Board members would be appointed by the governor general instead of the minister of finance.
Further, to ensure that board members are appointed across political cycles, their term will be increased from the present provision of not exceeding three years to 10 years. Appointments will be staggered so their terms would not end at the same time.
As is presently the case of the governor, the senior deputy governor, who is an ex-officio member of the board, would also be appointed by the governor general instead of the minister.
The next plank of independence recommended under the amendments is the establishment of a monetary policy committee and a financial policy committee.
Monetary policy will be set by the monetary policy committee, chaired by the governor with internal and independent external board members. Financial policies would be set by the financial policy committee, also chaired by the governor with internal and independent external board members.

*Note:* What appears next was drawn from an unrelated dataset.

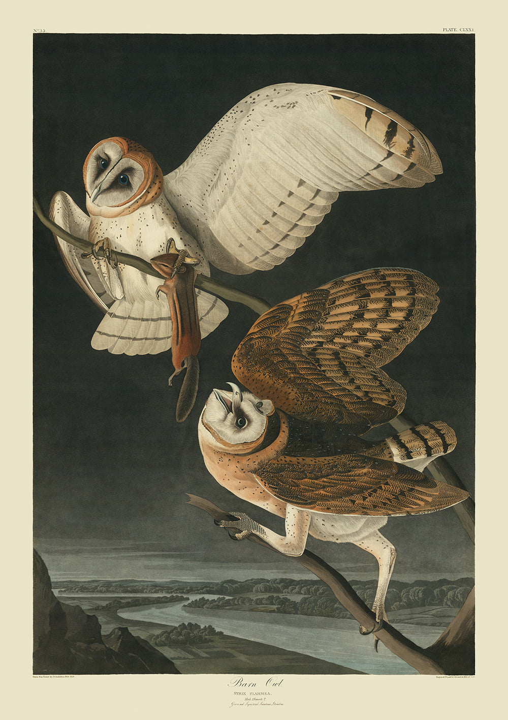 This particular piece is especially notable for being one of only three night scenes within the entire collection, the others being Plate CXXI (Snowy Owl) and Plate CCCXI (American White Pelican). Audubon masterfully captures the predatory nature of the Barn Owl, with the upper bird’s wings majestically flared as it clutches a chipmunk. The intricate depiction of this predator-prey relationship, set against a dramatic nocturnal landscape, adds a layer of fascinating allure to this art piece.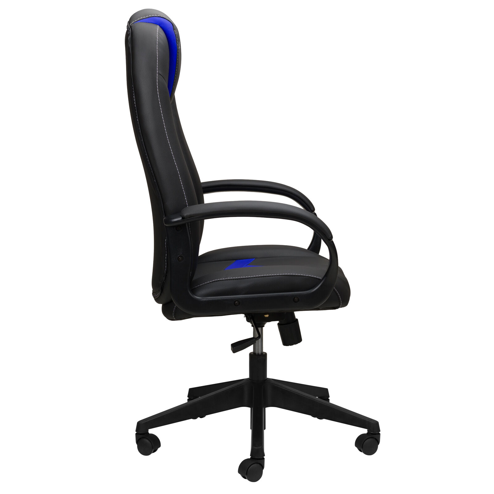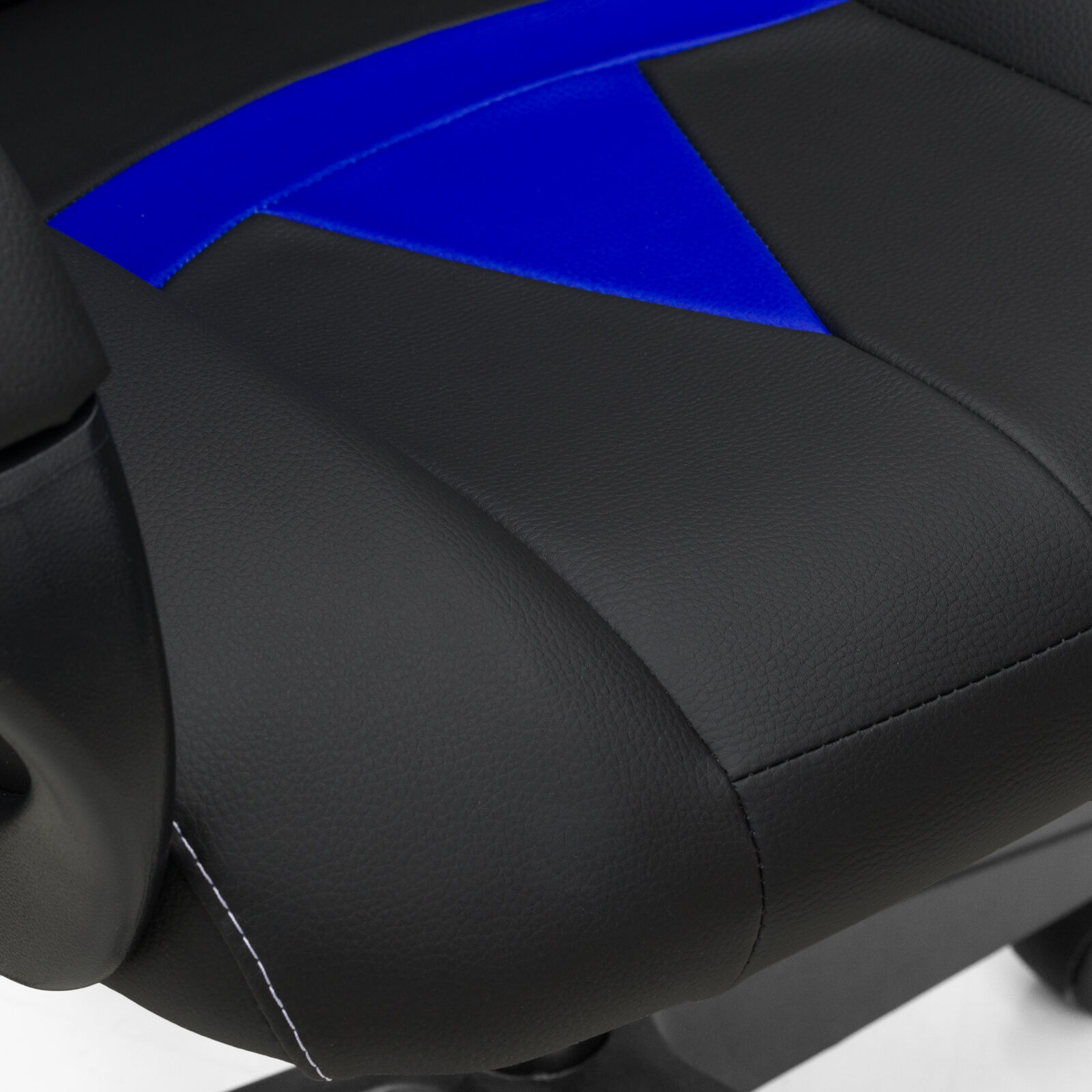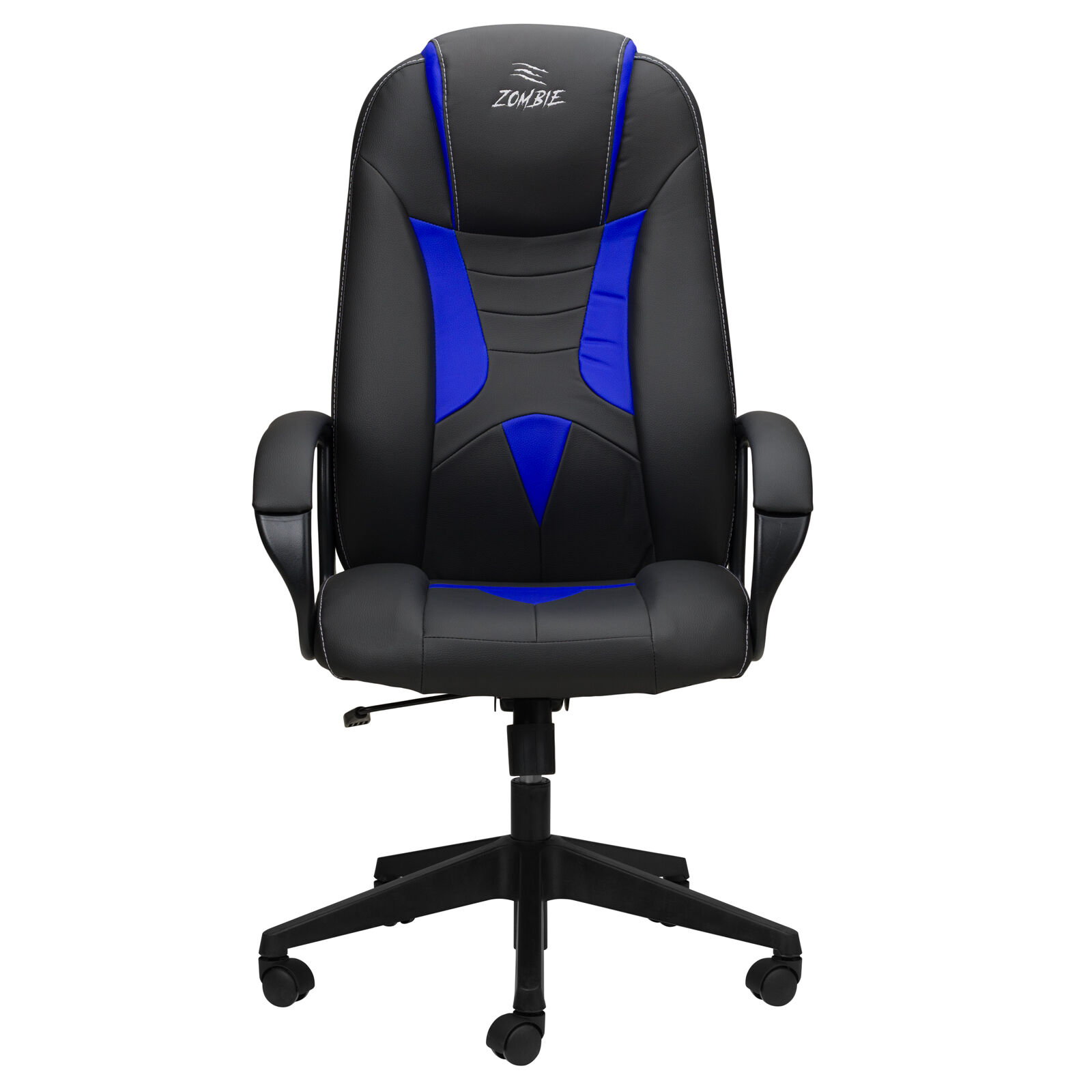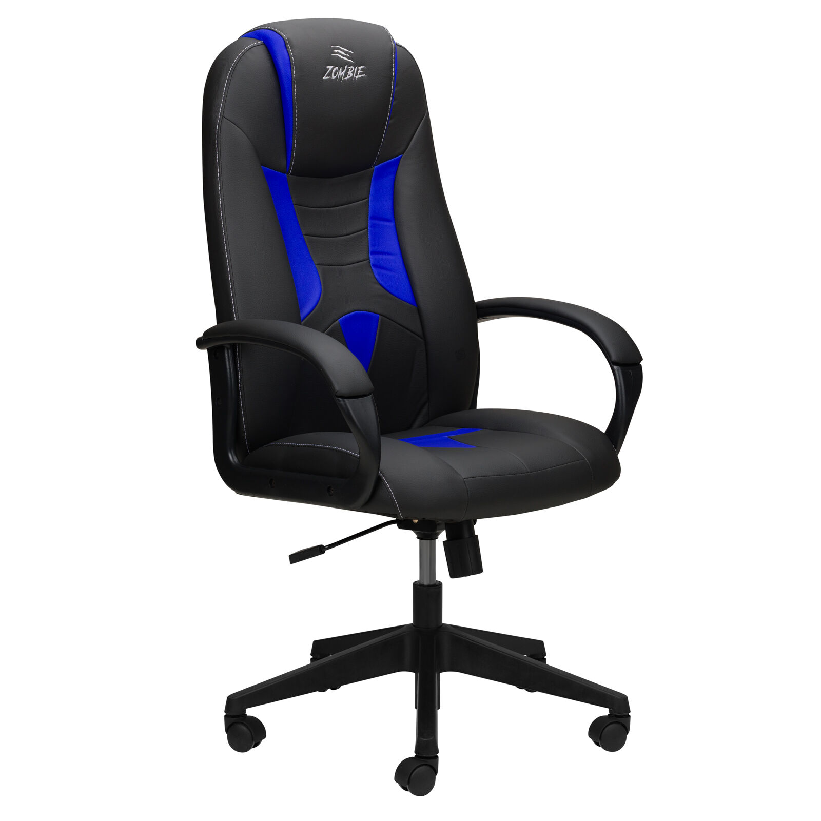 Кресло игровое «Zombie 8 черный-синий эко кожа крестовина пластик» Оснащено механизмом качания «Топ-ган» с регулировкой под вес и возможностью фиксации в вертикальном положении. Пластиковые удобные подлокотники с мягкими накладками из качественной искусственной кожи обеспечат дополнительный комфорт во время продолжительных игровых сессий или работы за компьютером. Пластиковая крестовина отличается особой прочностью, за счет чего, кресло способно выдерживать нагрузку до 181 кг. «Мебель поставляется в разобранном виде».

Members of the House of Representatives and the Senate and employees of government and statutory bodies and agencies would be ineligible for appointment to the committees.
The amendments also affect provisions that currently allow the minister of finance to give directions of a general nature to the bank on matters that appear to be necessary in the public interest.
These would be amended to provide that such directions may not be given on matters relating to monetary policy or supervision.
The BOJ would also be prohibited from granting loans to or acquiring shares in a corporation established for development purposes to guard against indirect credit to government.
There will also be new limitations on temporary advances to government.
At present, the bank may make temporary make advances to government up to a limit of 30 per cent of estimated revenues for the financial year.
The amendments proposed in the bill limit any such temporary advances by the bank to the government in any fiscal year to circumstances of national emergency declared by a prime minister and an aggregate five cent of average revenues for the last three three fiscal years. Advances made would be subject to interest at prevailing market rates.
Robinson noted that coupled with the provisions for independence of the central bank are provisions that strengthen the accountability and transparency of the operations of the bank. Included in those provisions are strengthening of the oversight role of the bank's board to include statutory committees such as the current supervisory committee and financial system stability committee, as well as the to-be-formed monetary policy and financial policy committees.
"This oversight role would not interfere with the decision-making functions of the committees but would assure that these committees are operating effectively within the mandates provided by the legislation," he said.